START Data to examine

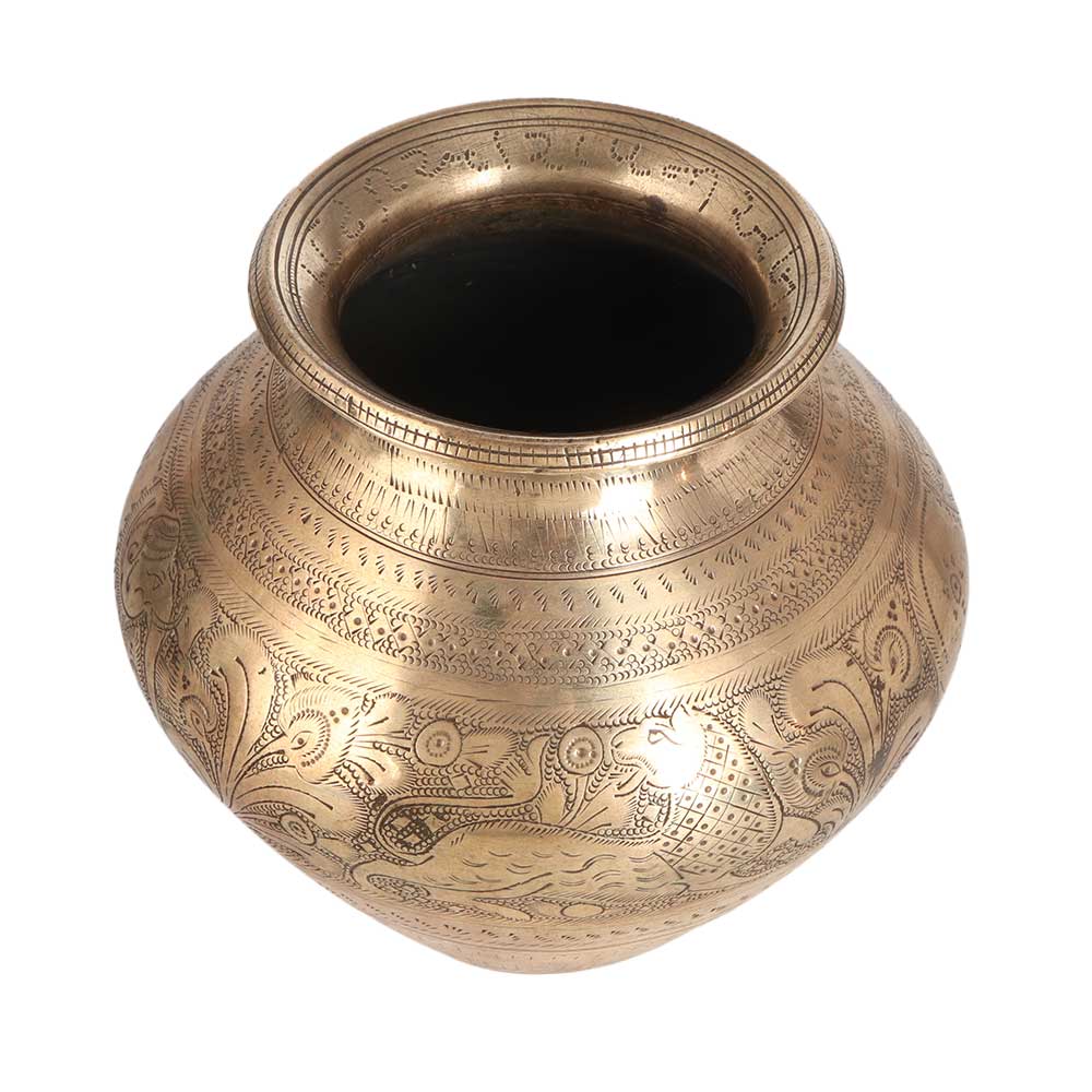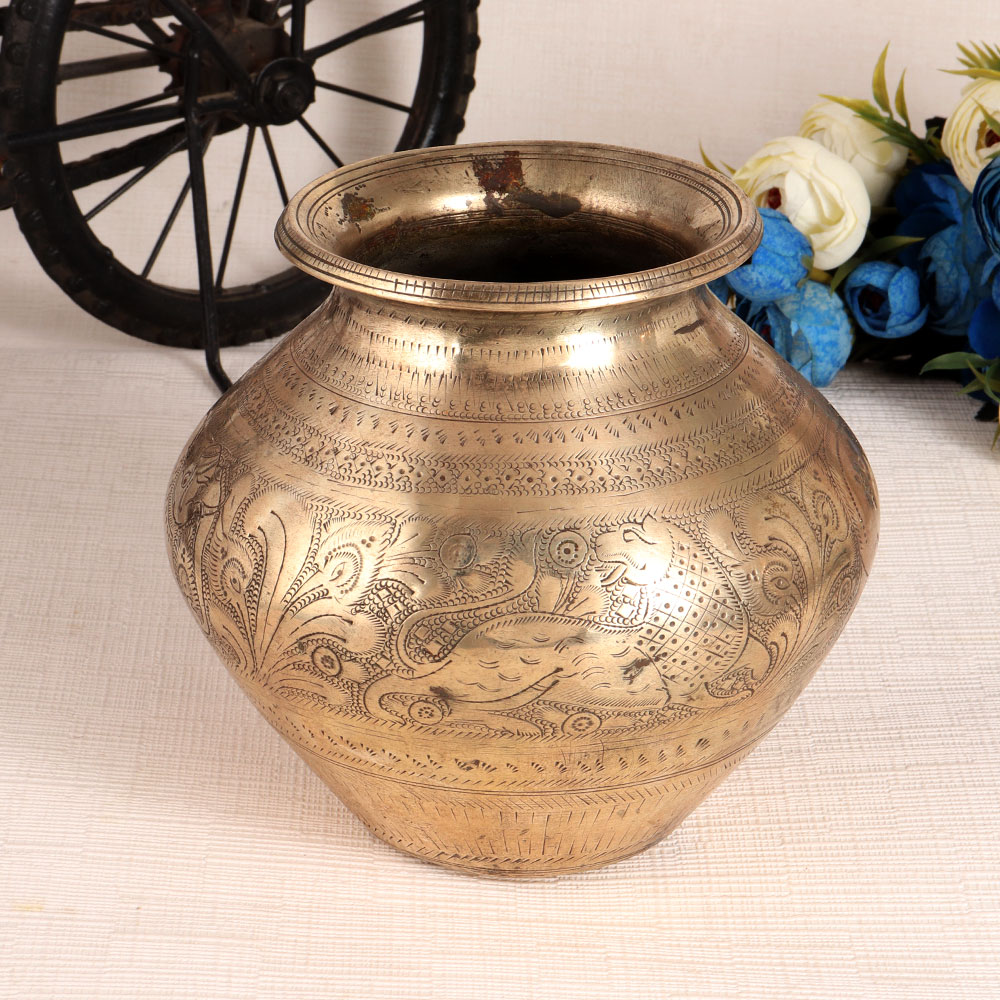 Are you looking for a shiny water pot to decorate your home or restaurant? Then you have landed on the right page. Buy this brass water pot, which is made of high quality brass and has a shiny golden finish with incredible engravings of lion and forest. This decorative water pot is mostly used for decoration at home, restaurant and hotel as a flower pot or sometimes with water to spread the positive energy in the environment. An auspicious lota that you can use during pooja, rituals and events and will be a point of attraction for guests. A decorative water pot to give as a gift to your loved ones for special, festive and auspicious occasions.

END Data to examine
START Data to examine

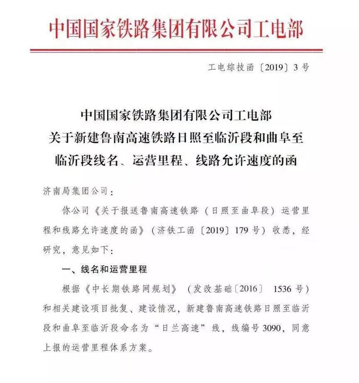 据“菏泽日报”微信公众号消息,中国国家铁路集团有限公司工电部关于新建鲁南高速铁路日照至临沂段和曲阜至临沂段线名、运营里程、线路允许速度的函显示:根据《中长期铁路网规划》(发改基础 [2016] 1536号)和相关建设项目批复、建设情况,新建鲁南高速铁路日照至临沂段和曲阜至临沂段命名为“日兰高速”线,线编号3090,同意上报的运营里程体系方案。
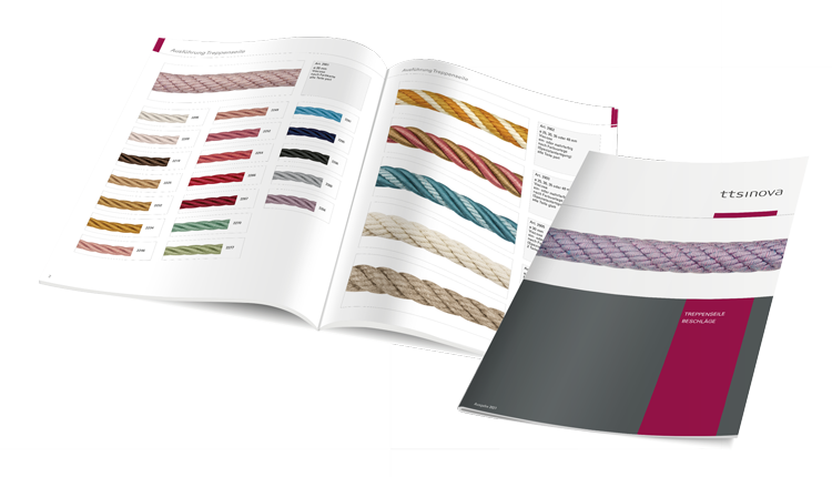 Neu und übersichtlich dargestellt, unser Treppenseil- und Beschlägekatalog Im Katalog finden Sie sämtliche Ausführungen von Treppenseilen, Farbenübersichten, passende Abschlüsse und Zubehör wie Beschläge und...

END Data to examine
START Data to examine

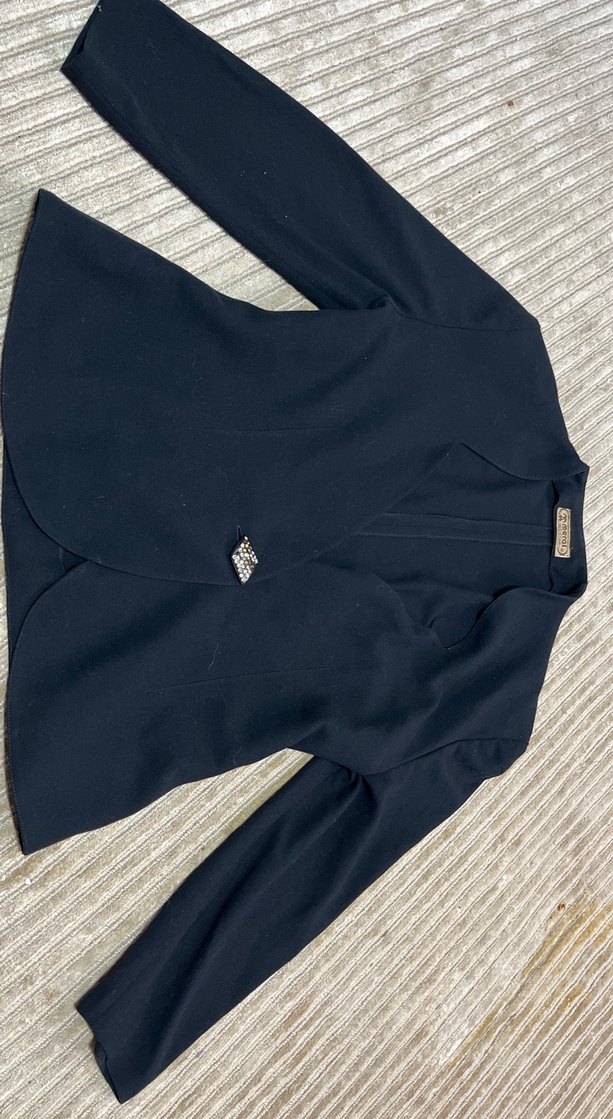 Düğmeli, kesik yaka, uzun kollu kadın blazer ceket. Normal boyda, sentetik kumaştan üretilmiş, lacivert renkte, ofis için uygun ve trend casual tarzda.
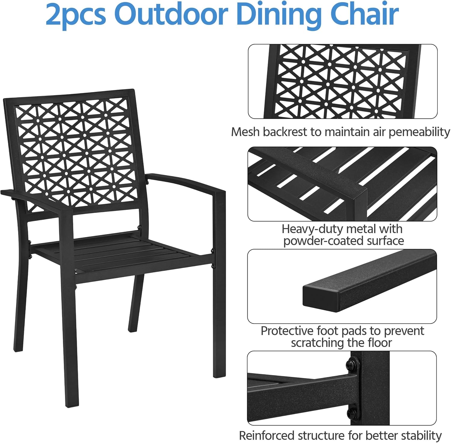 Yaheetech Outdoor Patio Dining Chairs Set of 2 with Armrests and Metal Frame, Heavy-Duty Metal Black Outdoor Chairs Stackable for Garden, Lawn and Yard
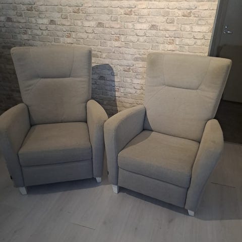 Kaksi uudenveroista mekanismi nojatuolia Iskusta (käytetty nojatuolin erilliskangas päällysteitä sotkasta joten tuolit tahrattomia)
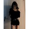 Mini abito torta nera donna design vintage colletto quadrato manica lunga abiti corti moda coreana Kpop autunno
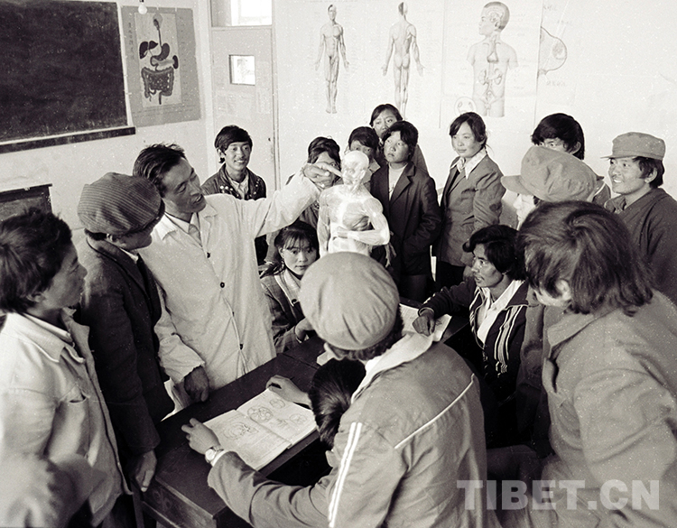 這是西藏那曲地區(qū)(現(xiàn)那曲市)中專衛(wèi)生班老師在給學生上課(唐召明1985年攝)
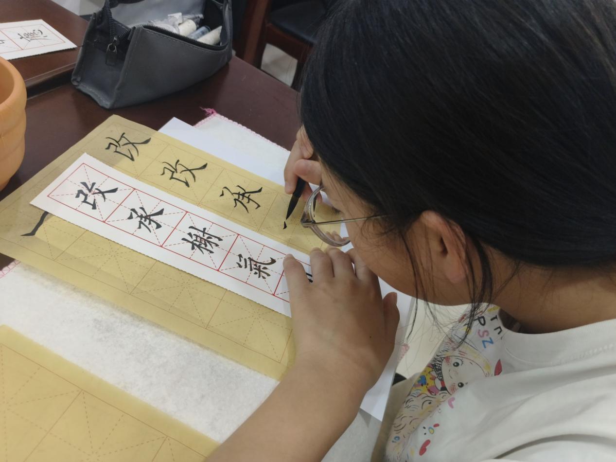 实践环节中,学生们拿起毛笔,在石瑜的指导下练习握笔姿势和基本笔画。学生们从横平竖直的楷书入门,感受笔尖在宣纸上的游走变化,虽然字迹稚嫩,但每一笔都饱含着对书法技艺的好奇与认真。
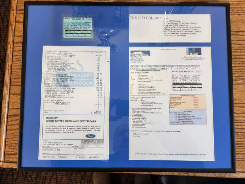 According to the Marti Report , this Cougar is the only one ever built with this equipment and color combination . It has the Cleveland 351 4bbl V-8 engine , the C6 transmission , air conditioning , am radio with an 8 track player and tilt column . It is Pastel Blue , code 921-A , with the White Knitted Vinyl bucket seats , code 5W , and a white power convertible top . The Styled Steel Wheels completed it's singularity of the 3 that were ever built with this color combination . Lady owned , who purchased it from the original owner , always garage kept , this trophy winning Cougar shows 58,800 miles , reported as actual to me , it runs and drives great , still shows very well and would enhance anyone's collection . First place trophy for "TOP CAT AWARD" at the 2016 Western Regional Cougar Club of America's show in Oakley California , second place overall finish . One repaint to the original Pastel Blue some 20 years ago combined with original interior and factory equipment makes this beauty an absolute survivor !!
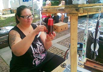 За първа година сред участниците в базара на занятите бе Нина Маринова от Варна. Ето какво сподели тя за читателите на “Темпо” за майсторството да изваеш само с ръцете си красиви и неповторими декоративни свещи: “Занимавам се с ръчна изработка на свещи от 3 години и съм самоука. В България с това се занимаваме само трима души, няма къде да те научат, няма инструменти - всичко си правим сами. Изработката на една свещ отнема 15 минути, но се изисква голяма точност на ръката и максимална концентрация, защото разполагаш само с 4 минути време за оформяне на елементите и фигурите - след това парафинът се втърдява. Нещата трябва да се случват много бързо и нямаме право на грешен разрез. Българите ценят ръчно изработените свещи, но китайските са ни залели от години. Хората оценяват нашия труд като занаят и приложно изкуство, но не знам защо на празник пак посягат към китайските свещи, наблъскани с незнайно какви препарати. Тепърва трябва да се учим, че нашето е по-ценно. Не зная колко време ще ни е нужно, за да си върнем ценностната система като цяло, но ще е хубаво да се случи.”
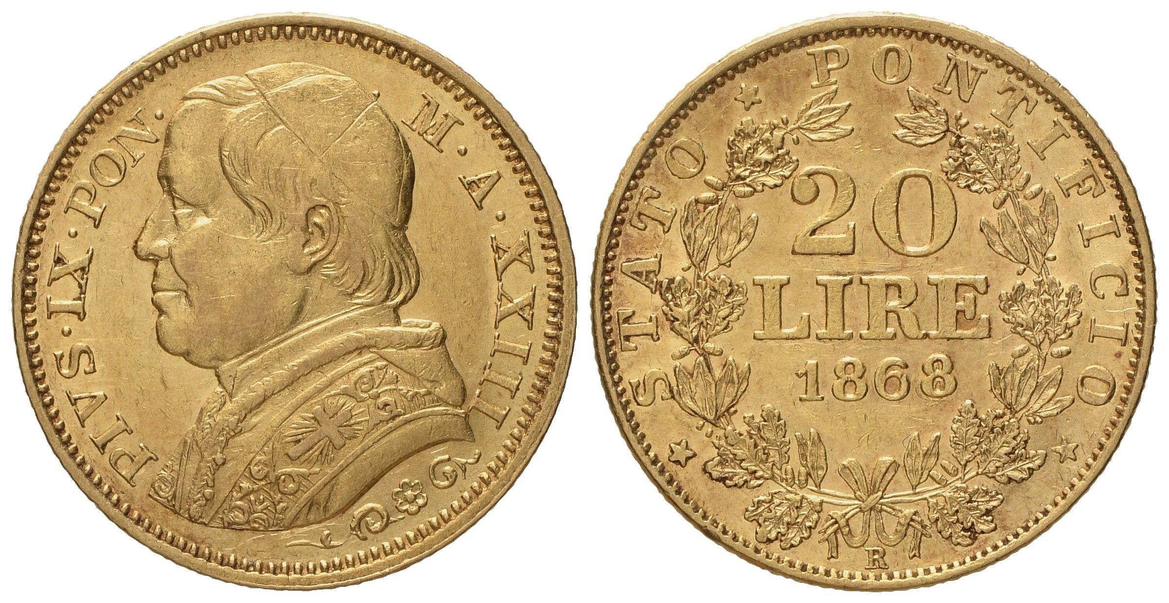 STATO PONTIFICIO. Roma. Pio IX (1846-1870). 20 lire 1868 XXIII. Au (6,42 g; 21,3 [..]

END Data to examine

Task description » Would you transcribe the lines above exactly, going from the line bearing "实践环节中,学生们拿起毛笔,在石瑜的指导" through the line bearing "According to the", and drop the pictures from the copy?

Reply to the task »
 实践环节中,学生们拿起毛笔,在石瑜的指导下练习握笔姿势和基本笔画。学生们从横平竖直的楷书入门,感受笔尖在宣纸上的游走变化,虽然字迹稚嫩,但每一笔都饱含着对书法技艺的好奇与认真。
 According to the Marti Report , this Cougar is the only one ever built with this equipment and color combination . It has the Cleveland 351 4bbl V-8 engine , the C6 transmission , air conditioning , am radio with an 8 track player and tilt column . It is Pastel Blue , code 921-A , with the White Knitted Vinyl bucket seats , code 5W , and a white power convertible top . The Styled Steel Wheels completed it's singularity of the 3 that were ever built with this color combination . Lady owned , who purchased it from the original owner , always garage kept , this trophy winning Cougar shows 58,800 miles , reported as actual to me , it runs and drives great , still shows very well and would enhance anyone's collection . First place trophy for "TOP CAT AWARD" at the 2016 Western Regional Cougar Club of America's show in Oakley California , second place overall finish . One repaint to the original Pastel Blue some 20 years ago combined with original interior and factory equipment makes this beauty an absolute survivor !!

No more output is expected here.